In dealing with so much fraud and some unsavory renter activity on the front lines, Owens said it’s understandable that property managers can become frustrated. He said that it can be disheartening to sign 10 leases in a week only to find out half or more were declined, which impacts leasing agents who work on commission and generally are rewarded only after the resident moves in.
“Assistant managers are getting crushed because they’re not getting their collections bonuses because people aren’t paying rent,” said Owens. “What can we do as an industry, as companies and as leaders to help keep them engaged and motivated? It ultimately impacts our clients — the developers and owners. If you don’t have great people working for you who are motivated and engaged, it’s going to be a problem.”
“We had to implement help from our front office to make sure that the onsite people didn’t feel completely deflated from having to call people and beg for their keys back because they’re still not paying rent,” said Kitts. “People matter. Our employees are always going to come first. We have to do a really good job of loving up on them for the rest of the time that they’re with us for everything that they’ve been through.”
In addition to maintaining morale, the operator needs to make the workplace enjoyable because there is a labor shortage of qualified team members. Owens said that one strategy that RPM Living has implemented is centralizing its talent base, both on the leasing and maintenance sides of the business. He said that the company has one crew centrally located that handles maintenance orders at three communities simultaneously.
“It is something that we’re looking to do because our clients are looking for ways to cut costs and to make deals pencil out better,” said Owens. “It’s our job to help them figure that out. It’s not an easy job to do.”
Kitts said that her firm has had success recruiting and training members on the leasing side but that maintenance workers are more difficult to find because there is shortage of talented, experienced technicians.
“We have always struggled with maintenance, and so we are seeing payroll completely out of whack,” said Kitts, pointing out that maintenance workers are commanding better pay and more job security as a result. The panelists concurred that they’re seeing 20-year highs for wages across the board.

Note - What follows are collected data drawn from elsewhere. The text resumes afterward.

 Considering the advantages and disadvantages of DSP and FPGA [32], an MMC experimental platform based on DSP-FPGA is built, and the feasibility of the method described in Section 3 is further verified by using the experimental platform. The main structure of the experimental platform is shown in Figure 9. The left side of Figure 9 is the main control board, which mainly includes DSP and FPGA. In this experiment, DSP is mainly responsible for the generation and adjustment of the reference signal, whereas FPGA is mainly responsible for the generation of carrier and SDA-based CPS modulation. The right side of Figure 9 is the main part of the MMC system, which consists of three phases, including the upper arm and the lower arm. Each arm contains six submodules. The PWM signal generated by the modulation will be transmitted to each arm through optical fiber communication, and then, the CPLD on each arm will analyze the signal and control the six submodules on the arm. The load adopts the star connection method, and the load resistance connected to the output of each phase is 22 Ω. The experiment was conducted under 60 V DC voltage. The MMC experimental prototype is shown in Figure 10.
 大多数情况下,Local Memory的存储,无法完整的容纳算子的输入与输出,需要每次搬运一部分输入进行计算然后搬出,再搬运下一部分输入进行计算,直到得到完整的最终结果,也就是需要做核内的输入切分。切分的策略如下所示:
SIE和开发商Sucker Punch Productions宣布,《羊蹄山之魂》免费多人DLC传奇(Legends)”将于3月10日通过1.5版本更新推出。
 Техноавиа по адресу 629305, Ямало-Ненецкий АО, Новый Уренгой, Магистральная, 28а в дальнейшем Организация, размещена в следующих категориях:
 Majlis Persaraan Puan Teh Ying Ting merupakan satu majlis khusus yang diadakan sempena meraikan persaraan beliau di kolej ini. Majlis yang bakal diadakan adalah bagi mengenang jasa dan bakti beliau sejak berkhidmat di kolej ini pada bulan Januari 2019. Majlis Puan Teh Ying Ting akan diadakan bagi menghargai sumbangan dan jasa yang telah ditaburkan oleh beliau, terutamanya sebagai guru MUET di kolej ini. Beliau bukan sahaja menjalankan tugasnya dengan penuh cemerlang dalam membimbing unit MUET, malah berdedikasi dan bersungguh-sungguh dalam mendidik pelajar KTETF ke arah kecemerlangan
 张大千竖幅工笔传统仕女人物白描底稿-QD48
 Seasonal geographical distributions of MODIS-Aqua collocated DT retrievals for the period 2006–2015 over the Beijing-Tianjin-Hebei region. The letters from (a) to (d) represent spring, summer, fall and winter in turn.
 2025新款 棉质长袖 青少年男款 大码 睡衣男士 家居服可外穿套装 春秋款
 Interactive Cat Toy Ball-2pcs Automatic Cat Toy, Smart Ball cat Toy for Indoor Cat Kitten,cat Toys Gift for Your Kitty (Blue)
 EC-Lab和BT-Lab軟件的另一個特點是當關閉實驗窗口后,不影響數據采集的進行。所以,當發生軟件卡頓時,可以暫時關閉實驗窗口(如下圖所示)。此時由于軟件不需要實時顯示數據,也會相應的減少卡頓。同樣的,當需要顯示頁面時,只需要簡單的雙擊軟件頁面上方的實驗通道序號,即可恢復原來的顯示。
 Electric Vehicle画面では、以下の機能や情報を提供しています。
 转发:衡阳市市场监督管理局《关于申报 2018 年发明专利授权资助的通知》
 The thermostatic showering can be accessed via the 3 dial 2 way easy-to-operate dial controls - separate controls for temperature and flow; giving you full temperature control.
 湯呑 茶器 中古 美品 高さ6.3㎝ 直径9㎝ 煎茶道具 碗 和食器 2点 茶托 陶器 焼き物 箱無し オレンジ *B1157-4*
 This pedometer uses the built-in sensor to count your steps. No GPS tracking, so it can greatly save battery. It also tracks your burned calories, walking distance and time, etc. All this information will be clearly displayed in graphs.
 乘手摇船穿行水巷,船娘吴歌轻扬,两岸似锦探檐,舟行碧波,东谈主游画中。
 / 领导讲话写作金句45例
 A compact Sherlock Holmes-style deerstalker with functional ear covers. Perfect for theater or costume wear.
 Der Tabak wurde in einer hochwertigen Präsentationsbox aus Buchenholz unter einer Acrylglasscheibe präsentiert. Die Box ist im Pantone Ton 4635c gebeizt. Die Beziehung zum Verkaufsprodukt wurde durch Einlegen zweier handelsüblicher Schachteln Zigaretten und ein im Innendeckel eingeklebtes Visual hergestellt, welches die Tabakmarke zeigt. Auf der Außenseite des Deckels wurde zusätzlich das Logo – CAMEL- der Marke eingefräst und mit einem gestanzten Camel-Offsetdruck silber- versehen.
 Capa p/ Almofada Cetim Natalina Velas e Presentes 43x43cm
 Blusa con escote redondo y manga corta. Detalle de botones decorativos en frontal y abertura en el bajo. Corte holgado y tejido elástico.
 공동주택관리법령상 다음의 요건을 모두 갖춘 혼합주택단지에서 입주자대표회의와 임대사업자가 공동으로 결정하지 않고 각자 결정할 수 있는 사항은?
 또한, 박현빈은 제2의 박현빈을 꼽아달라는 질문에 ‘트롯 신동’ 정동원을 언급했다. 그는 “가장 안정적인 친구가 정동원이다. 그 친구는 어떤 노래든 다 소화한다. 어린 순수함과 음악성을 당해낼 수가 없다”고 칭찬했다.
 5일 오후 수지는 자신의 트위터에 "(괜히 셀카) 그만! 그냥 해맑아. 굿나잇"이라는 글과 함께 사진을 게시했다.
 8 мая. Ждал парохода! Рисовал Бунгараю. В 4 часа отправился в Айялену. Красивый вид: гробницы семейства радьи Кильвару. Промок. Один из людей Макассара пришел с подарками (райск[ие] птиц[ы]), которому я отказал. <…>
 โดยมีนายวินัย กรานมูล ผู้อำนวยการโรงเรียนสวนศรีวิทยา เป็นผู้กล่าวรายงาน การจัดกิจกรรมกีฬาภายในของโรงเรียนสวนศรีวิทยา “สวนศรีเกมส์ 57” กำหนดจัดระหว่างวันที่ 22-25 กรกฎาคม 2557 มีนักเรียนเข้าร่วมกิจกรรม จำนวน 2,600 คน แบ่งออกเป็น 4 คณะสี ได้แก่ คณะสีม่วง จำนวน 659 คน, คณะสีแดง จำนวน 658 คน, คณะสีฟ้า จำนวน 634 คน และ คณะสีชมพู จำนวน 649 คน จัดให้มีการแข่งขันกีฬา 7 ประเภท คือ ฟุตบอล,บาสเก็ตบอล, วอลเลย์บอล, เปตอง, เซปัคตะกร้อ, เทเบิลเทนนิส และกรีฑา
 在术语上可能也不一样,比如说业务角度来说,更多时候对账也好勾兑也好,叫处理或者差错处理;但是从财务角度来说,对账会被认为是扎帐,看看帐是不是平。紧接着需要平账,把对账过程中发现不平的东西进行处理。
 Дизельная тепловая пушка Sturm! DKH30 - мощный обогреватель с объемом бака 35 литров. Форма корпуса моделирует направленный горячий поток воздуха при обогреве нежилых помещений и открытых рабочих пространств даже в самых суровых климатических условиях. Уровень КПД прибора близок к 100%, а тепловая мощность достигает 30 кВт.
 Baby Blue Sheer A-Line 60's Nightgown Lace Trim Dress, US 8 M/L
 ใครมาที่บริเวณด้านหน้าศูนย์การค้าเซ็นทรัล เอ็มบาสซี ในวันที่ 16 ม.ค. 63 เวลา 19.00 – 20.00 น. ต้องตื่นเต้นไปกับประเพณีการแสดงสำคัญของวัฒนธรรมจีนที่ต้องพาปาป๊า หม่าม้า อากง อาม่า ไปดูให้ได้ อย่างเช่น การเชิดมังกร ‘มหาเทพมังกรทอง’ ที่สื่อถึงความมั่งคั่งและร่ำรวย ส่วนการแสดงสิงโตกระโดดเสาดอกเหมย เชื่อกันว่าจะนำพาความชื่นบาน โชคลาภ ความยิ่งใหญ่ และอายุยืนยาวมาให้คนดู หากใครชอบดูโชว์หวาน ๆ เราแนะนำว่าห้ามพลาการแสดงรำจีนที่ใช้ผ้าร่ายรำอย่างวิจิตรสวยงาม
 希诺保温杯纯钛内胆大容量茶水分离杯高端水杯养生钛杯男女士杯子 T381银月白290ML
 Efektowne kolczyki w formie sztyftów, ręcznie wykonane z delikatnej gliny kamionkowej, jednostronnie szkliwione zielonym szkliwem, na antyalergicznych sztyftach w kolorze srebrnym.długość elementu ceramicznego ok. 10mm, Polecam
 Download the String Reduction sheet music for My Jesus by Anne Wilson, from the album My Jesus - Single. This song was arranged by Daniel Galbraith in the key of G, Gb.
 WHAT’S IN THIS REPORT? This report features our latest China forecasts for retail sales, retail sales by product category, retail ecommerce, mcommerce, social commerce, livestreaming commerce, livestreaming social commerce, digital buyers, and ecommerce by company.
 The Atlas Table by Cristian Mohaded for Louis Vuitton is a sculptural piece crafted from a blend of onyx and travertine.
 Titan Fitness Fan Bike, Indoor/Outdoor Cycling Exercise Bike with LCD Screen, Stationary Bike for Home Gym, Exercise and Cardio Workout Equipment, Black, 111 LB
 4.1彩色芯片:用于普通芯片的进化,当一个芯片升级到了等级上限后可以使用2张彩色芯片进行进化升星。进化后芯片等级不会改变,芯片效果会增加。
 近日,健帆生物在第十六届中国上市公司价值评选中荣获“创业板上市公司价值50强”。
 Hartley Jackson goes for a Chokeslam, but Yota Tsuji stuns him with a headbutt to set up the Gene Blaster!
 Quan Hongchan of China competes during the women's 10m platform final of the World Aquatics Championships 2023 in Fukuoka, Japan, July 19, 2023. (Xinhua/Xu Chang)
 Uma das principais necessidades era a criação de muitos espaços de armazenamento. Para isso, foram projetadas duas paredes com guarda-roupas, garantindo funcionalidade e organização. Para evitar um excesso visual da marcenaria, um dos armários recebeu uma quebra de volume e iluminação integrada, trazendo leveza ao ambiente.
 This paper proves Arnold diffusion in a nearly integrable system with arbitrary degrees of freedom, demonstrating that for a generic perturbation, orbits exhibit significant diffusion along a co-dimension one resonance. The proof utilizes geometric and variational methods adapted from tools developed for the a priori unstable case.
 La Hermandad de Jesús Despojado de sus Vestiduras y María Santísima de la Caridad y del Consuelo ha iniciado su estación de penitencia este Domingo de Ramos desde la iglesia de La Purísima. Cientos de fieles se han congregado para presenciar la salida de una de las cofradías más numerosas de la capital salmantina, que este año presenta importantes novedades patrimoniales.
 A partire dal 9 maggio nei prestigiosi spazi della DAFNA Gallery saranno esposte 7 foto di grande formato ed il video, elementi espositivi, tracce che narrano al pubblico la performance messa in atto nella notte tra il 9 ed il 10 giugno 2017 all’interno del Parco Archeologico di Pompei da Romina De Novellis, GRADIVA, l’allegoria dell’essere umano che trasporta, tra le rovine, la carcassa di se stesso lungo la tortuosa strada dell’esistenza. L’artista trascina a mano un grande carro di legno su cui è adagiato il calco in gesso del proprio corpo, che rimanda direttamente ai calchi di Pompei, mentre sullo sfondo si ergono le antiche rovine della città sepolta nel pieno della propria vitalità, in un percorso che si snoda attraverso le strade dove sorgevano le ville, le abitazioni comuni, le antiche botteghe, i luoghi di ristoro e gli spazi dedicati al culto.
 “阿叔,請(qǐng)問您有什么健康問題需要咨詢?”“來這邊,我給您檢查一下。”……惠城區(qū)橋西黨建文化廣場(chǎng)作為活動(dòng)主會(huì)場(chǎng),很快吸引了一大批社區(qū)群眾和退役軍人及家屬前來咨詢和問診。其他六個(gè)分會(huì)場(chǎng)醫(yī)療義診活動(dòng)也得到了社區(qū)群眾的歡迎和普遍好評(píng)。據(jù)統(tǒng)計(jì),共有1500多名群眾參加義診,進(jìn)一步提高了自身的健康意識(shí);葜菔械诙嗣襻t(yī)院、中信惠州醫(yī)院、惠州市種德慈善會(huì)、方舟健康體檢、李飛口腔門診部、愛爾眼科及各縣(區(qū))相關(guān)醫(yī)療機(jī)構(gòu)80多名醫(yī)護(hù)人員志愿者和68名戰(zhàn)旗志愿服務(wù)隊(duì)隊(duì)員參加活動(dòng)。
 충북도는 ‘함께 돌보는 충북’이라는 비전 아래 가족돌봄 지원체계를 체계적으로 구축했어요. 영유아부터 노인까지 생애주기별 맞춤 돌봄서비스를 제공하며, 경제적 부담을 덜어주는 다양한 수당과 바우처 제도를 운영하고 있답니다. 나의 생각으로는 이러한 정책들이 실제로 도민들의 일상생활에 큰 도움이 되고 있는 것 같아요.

“In one sense, I’m glad that they know their value,” continued Kitts. “Maybe in the past we should have been paying a little bit more for some of these jobs because of how difficult the jobs are. We have to hire people with very basic skill sets and train them as a result.”
Northwood Ravin recently established a director of training position. That person’s sole job is to train incoming and existing technicians and have them earn as many certifications as possible, said Kitts. She said ground-up training is a critical piece of the puzzle because “the labor pool is empty” for maintenance roles.
The panelists concurred that the apartment industry has largely been able to absorb the higher wages for maintenance and leasing professionals because rent growth has been so robust, especially in the Carolinas. In 2021, asking rental rates grew about 20 percent in Charlotte and Raleigh-Durham year-over-year, according to the latest data from Northmarq.
Panel moderator Teresa Devos, executive vice president of RKW Residential, asked how long rental rates will continue to increase. Eventually rent growth will slow, the panelists agreed, but they don’t see that happening anytime soon because of the limited supply of living options and a sustained high demand.
“All indicators right now are very healthy,” said Moore. “There is still not enough supply.”